Background: Transabdominal gastroplasty for shortened esophagus at the time of fundoplication results in a segment of aperistaltic, acid-secreting neoesophagus above the fundoplication. We hypothesized that transabdominal gastroplasty impairs quality of life (QOL).
Methods: This was a matched paired analysis with retrospective chart review and follow-up questionnaire of 116 patients undergoing transabdominal fundoplication with gastroplasty with 116 matched controls undergoing transabdominal fundoplication alone from January 1997 to June 2005. Medical Outcomes Study Short-Form 36-Item Health Survey (SF-36) and Quality Of Life in Reflux And Dyspepsia (QOLRAD) instruments were used to measure overall and reflux-related QOL. Overall response rate was 75%; including 65 matched pairs used for long-term follow-up and QOL analysis.

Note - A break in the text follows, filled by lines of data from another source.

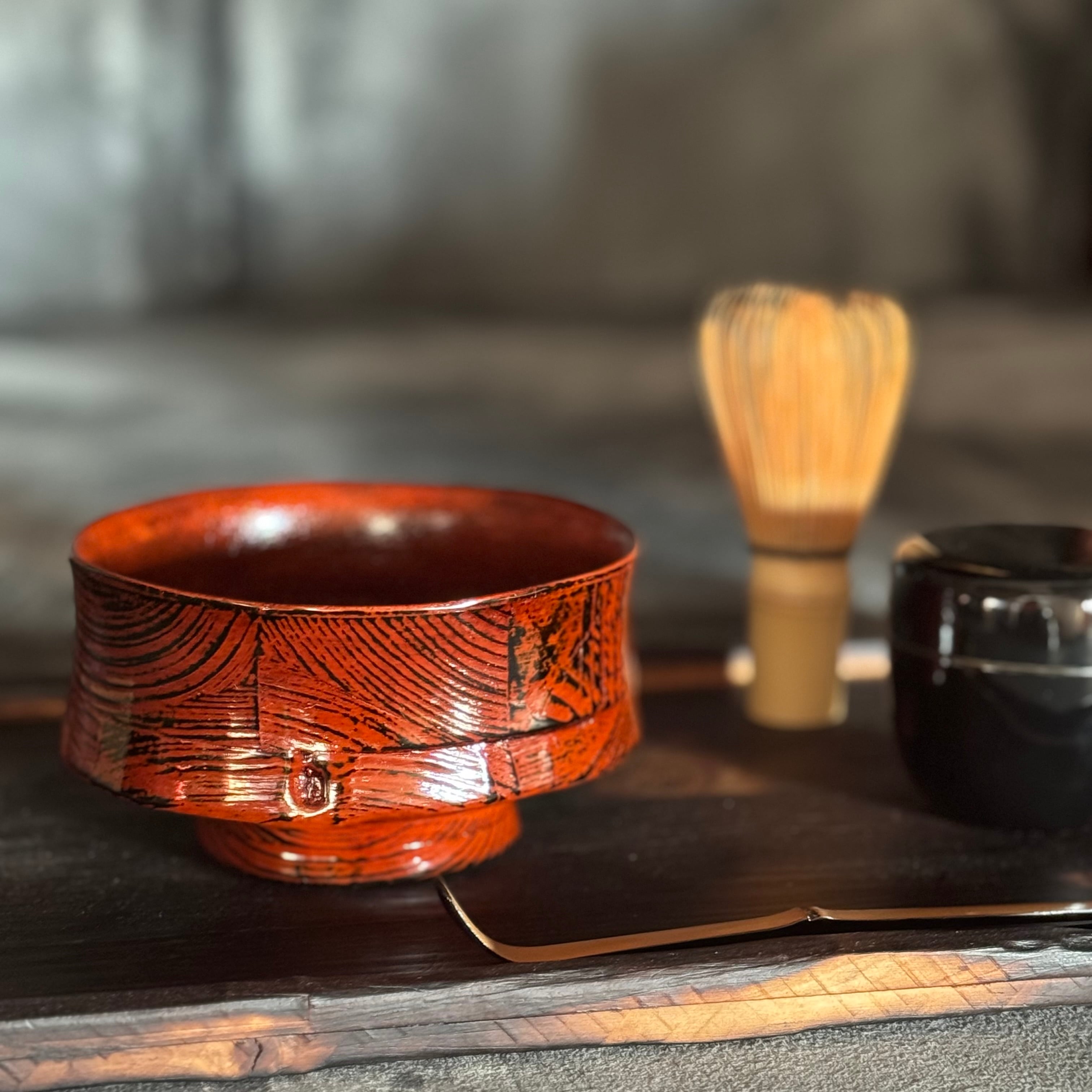焼文木器 抹茶椀(根来塗)【壱】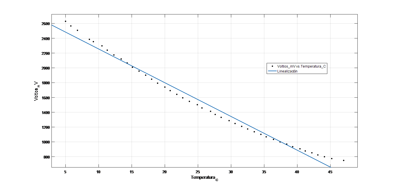 Los datos fueron llevados a las funciones polyfit y polyval de Matlab para realizar la gráfica: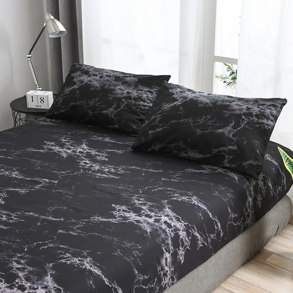 Постельное белье с мраморным рисунком, черное, белое, эластичная на...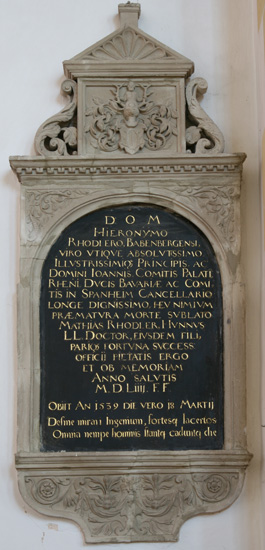 Dieses Epitaph ist ein zweites für die Familie Rhodler, nach dem zuletzt vorgestellten Enkel ist das hier für den zugehörigen Großvater, Hieronymus Rhodler (-18.3.1539). Das 1,92 m hohe und 0,82 m breite Grabdenkmal ist an der Südwand des Chors angebracht, wo sich auch die ganzen anderen Epitaphien der Beamtenfamilien der pfalzgräflichen Landesherrschaft befinden. Vom Material her folgt dieses Epitaph dem einschlägigen Prinzip, Hauptmaterial Tuffstein für alle Reliefarbeiten und den Rahmen, Zweitmaterial schwarzer Schiefer für die Inschriftenzonen. Anders ist hier der Aufbau mit einer Rundbogenarkade im Hauptfeld, und die von den anderen Epitaphien her vertrauten seitlichen Pilaster fehlen. Gleichwohl haben wir hier einen dreizonigen Aufbau, mit einem geschweiften Unterhang mit einer Satyr-Darstellung im Relief zwischen manieristischer, flächenfüllender Ranken-Ornamentik und mit einem mehrteiligen Aufbau, der von unten nach oben aus einer rechteckigen Wappentafel besteht, die seitlich von zwei S-förmigen Akanthusvoluten begleitet wird, um zur größeren Breite der Hauptzone überzuleiten, darüber einem dreieckiger Giebel mit einbeschriebener Muschelrosette, und darüber einem heute leeren Postament, das als Abschluß vermutlich einmal eine verlorengegangene Figur trug. 1897 erfuhr das Epitaph, das einem nicht näher bekannten "Meister von Simmern" zugeschrieben wird, zusammen mit den anderen Grabdenkmälern eine Restaurierung durch den Stuttgarter Bildhauer Karl Wüst.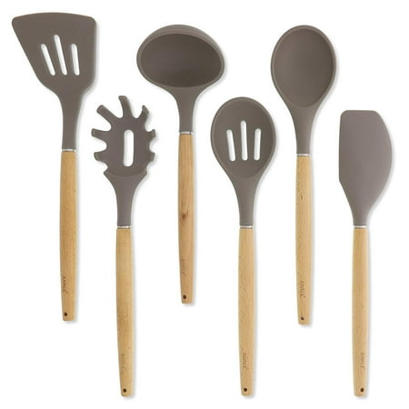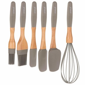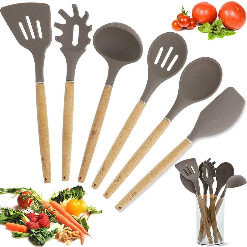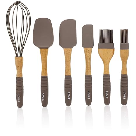 Juvale Baking Utensils Silicone Kitchen Set 6 Piece Set Wood Handles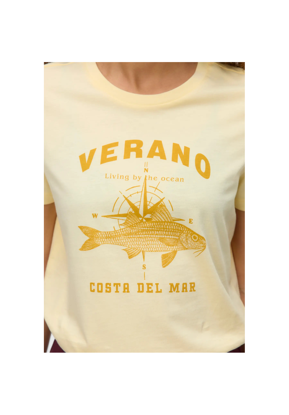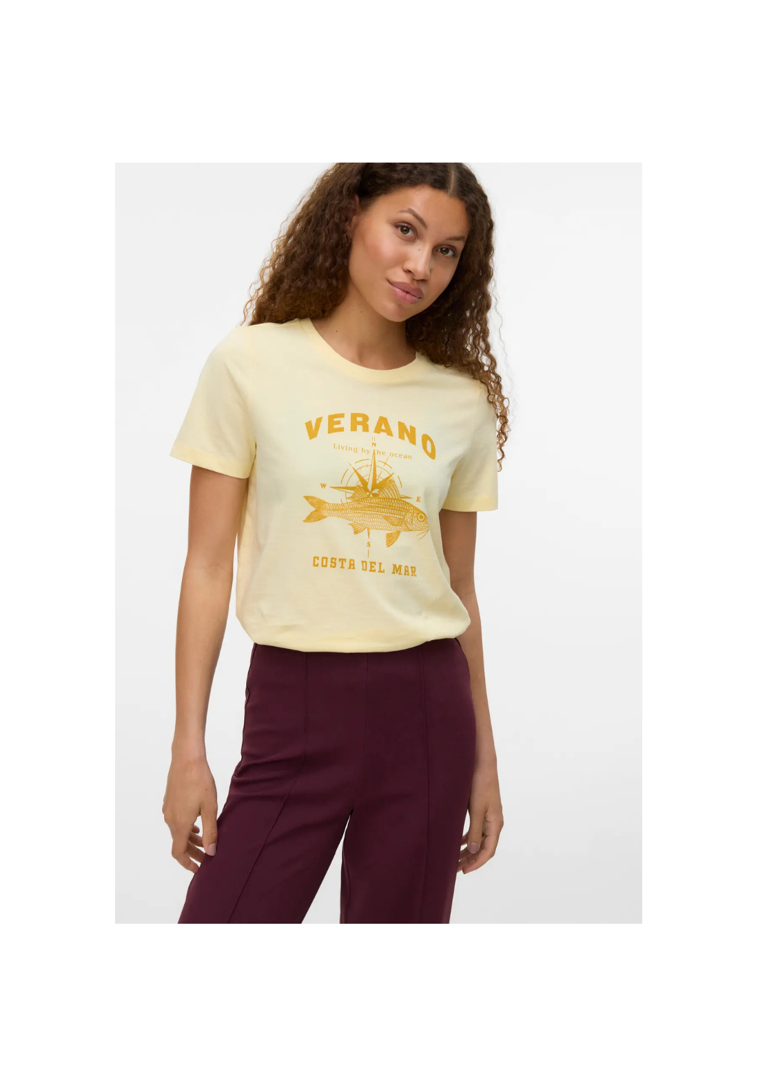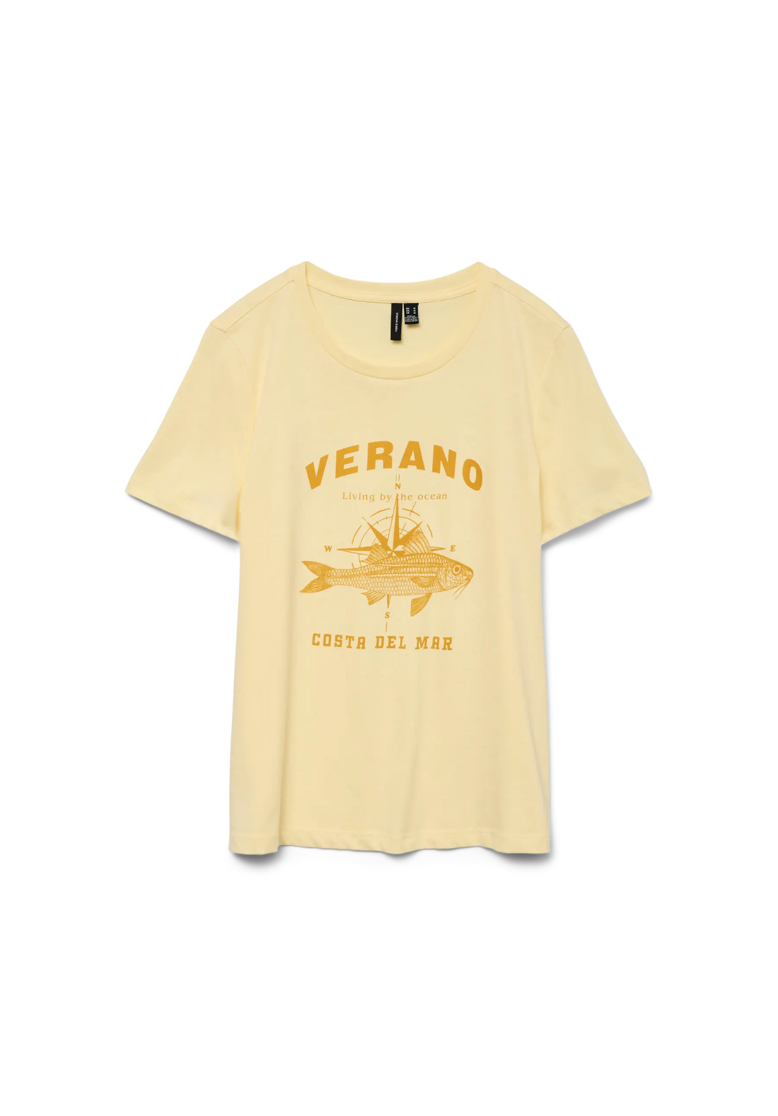 Camiseta de manga corta y cuello redondo con dibujo en la parte delantera.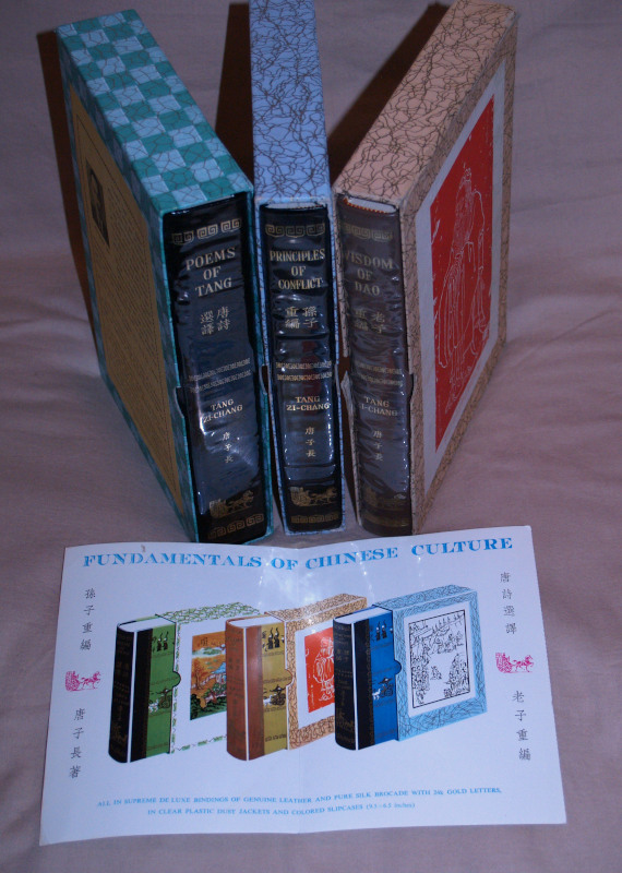 | 16864 | Zi-Chang, Tang | Fundamentals Of Chinese Culture, 3 Volumes: Poems of Tang, Principles of Conflict and Wisdon of Dao | T. C. Press | Good. Lightly worn slip cases. Plastic dust wrappers, wrappers have some wrinkles. | Tang poetry, wisdom of Dao Taoism, Sun Zi art of war. Includes the original 10 x 7 inch prospectus. | Tang Poetry, Taoism, Sun Zi | $800 |

Results: Groups were similar in age, sex, duration of hospitalization, and complications (p > 0.05). Gastroplasty patients had larger hiatal hernias and were more likely to have undergone a previous fundoplication (p < 0.01). No perioperative deaths or major morbidity occurred in 18% of both groups. Survey respondents were older than nonrespondents (p < 0.01). Complications did not impact response rates (p = 0.11). Median follow-up was 14 months in the gastroplasty group and 17 months in controls (p = 0.02). The groups had similar scores on the SF-36 and QOLRAD (p > 0.05) and similar overall frequency of patient satisfaction, perceived health status, and self-reported symptoms of reflux, dysphagia, bloating, diarrhea, and excessive flatus (p > 0.05). Control patients were more likely to require rehospitalization or reinterventions (p = 0.04).
Conclusions: Transabdominal gastroplasty and fundoplication for shortened esophagus is safe and results in similar overall and reflux-related QOL compared with fundoplication alone.